L’objectif de ce travail de recherche est d’analyser l’efficacité de la politique monétaire en Algérie sur la période entre 1990 et 2013, à travers plusieurs critères ; l’atteinte des objectifs finaux et intermédiaires, l’efficacité des instruments dans l’atteinte des objectifs et finalement de la relation entre la réalisation des objectifs intermédiaires avec l’atteinte de l’objectif final.

Les résultats de l’étude démontrent que l’objectif final de taux d’inflation est globalement atteint, de même que la stabilité du taux de change effectif. Entre 1991 et 2001, les instruments utilisés par la Banque d’Algérie, ont montré une bonne efficacité dans le control des objectifs assignés, alors que depuis 2001 cette efficacité reste confuse. Entre 2002 et 2013 les résultats en termes d’atteinte des objectifs intermédiaires fixés démontrent une certaine faiblesse dans la maitrise de ces derniers.

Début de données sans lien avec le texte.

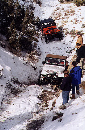 After playing around in the foothills for an hour, most of the group headed across the road to watch the hardcore wheelers tackle the first obstacle on Charlie's Trail. This trail follows a drainage that is very narrow and steep in spots. The pics below are of the waterfall and bump at the bottom. The recent snowfall made this an interesting scene to watch. Even with lockers front and rear and tall tires, the short wheel base CJ's had a tough time getting over the first rockpile. Longer rigs like Brett's and a pair of very flexy Toyota pickups made it look too easy. The short rigs smoked tires and came perilously close to slamming into the wall on the driver's side, and it just got worse with spinning tires. The first truck up was a big Blazer, open on both ends but chained on all four corners.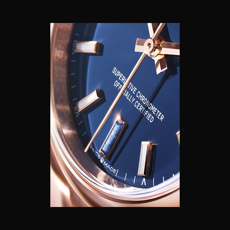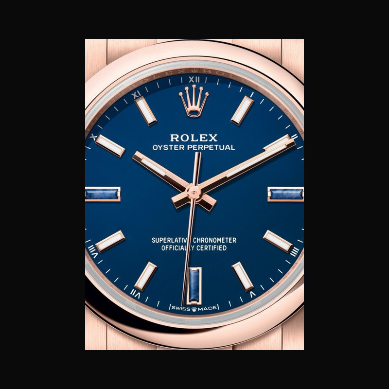 | More characteristics : | Movement Type Perpetual, mechanical, self-winding Calibre 2232, Manufacture Rolex Precision -2/+2 sec/day, after casing Oscillator Syloxi hairspring in silicon with patented geometry. High- performance Paraflex shock absorbers Winding Bidirectional self-winding via Perpetual rotor Power reserve Approximately 55 hours Case Everose gold Dial Blue stone Bracelet / Buckles Type Oyster, three-piece solid links Bracelet Material 18 ct Everose gold Clasp Folding Oysterclasp with Easylink 5 mm comfort extension link Certification Type Superlative Chronometer (official chronometer certification + Rolex certification after casing) |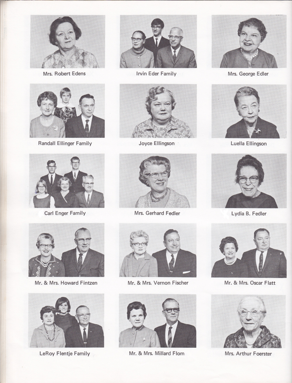 1968 First United Lutheran Church of Sheboygan, Page 19: Mrs. Robert Edens, Irvin Eder Family, Mrs. George Edler, Randall Ellinger Family, Joyce Ellingson, Luella Ellingson, Carl Enger Family, Mrs. Gerhard Fedler, Lydia B. Fedler, Mr. and Mrs. Howard Fintzen, Mr. and Mrs. Vernon Fischer, Mr. and Mrs. Oscar Flatt, LeRoy Flentje Family, Mr. and Mrs. Millard Flom, Mrs. Arthur Foerster.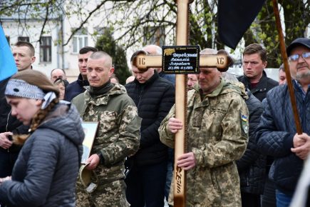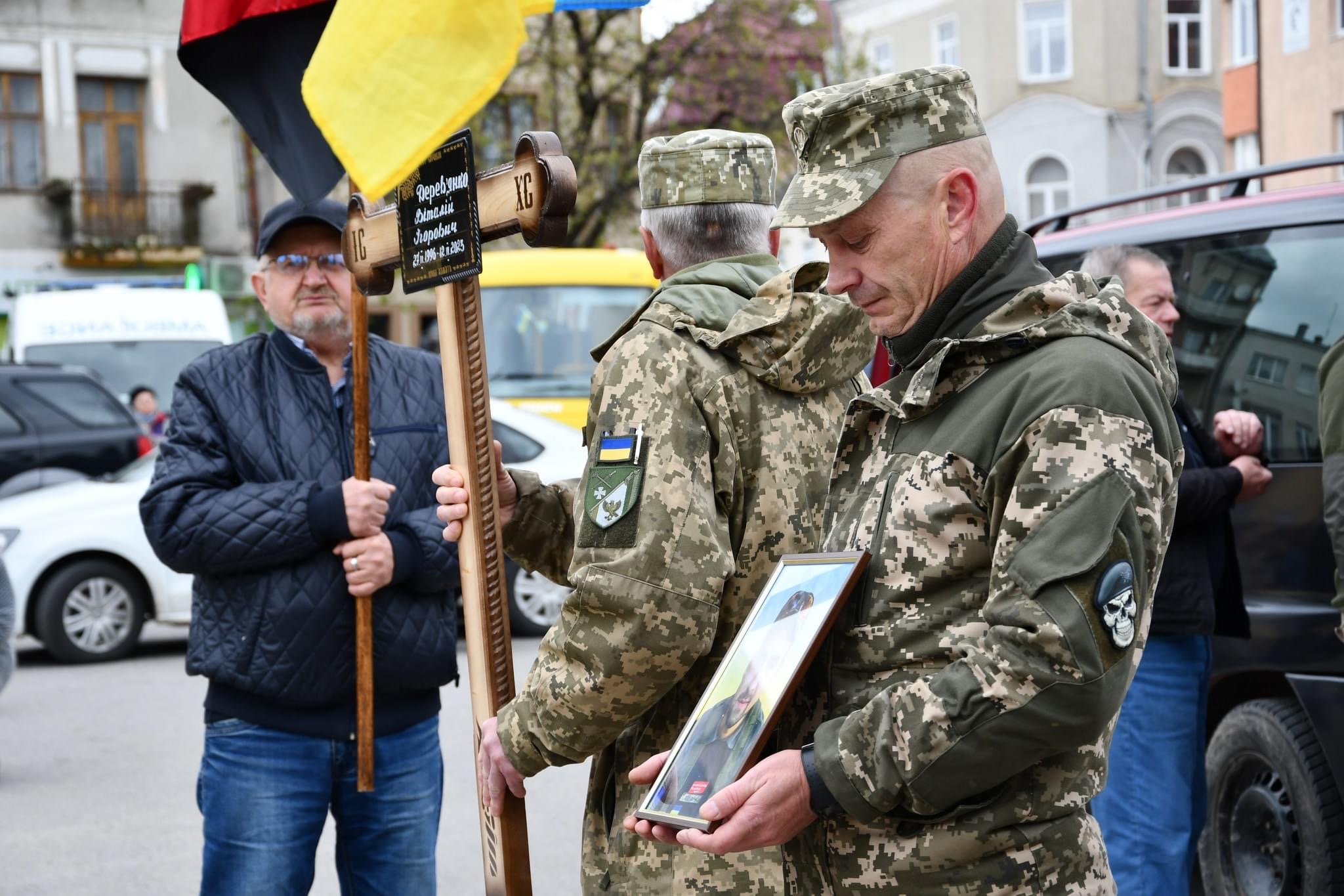 Сьогодні, 19 квітня, в Рогатині зустріли загиблого на війні Віталія Дерев’янка.

Finalement, le lien entre l’atteinte de l’objectif final de taux d’inflation et les objectifs intermédiaires, de masse monétaire et de crédits à l’économie, reste très faible pour la période considérée, alors que leurs résultats évoluent généralement dans des sens opposés, attestant des difficultés dans la fixation des objectifs intermédiaires.

Introduction :

L’efficacité de la politique monétaire et sa capacité à influencer l’activité économique dépendent en grande partie de la crédibilité de la banque centrale, cette dernière dépendant de facteurs institutionnels mais aussi historiques. Ainsi la crédibilité est généralement fonction de trois facteurs à savoir : l’efficacité dans l’atteinte des objectifs, l’indépendance et la transparence. Si la Banque d’Algérie jouit d’une part importante d’indépendance de facto comme le souligne M.C Ilmane (2007), elle fait état d’un certain manque de transparence qui nuit à sa crédibilité selon Fekir H. (2007). Cependant, ces deux facteurs institutionnels ne sont pas suffisants pour justifier de la crédibilité d’une banque centrale, comme le soulignent d’ailleurs Bensafta K.M.& Semedo G. (2014).

En ce sens, l’atteinte des objectifs de la politique monétaire et leur cohérence avec les instruments utilisés constitue une condition essentielle pour juger de l’efficacité de la politique monétaire. Cependant, l’atteinte des objectifs finaux n’est pas forcément suffisante, dans la mesure où ce résultat peut dépendre de facteurs exogènes à la politique monétaire elle-même. Ainsi, l’objectif de ce papier est d’étudier, dans un premier temps, la relation entre les instruments de la politique monétaire et les objectifs intermédiaires fixés, ensuite, dans un second temps, étudier la relation entre les résultats en terme d’atteinte des objectifs intermédiaires et des objectifs finaux.

Ainsi, depuis le début des années 1990, la politique monétaire en Algérie a connu trois évolutions importantes passant d’objectifs finaux, sans cible claire, de stabilité des prix et de plein emploi à la fixation d’objectifs intermédiaires de plafonnement de la masse monétaire et des crédits. Finalement, depuis 2002, la Banque d’Algérie a introduit des cibles quantitatives bien définies. Parallèlement à l’évolution des objectifs, les instruments de politique monétaire ont aussi connu des changements importants passant d’instrument de refinancement avant 2001, période caractérisée par un assèchement des liquidités, à des instruments de résorption de la liquidité après l’avènement de l’excès de liquidité dans le système monétaire algérien.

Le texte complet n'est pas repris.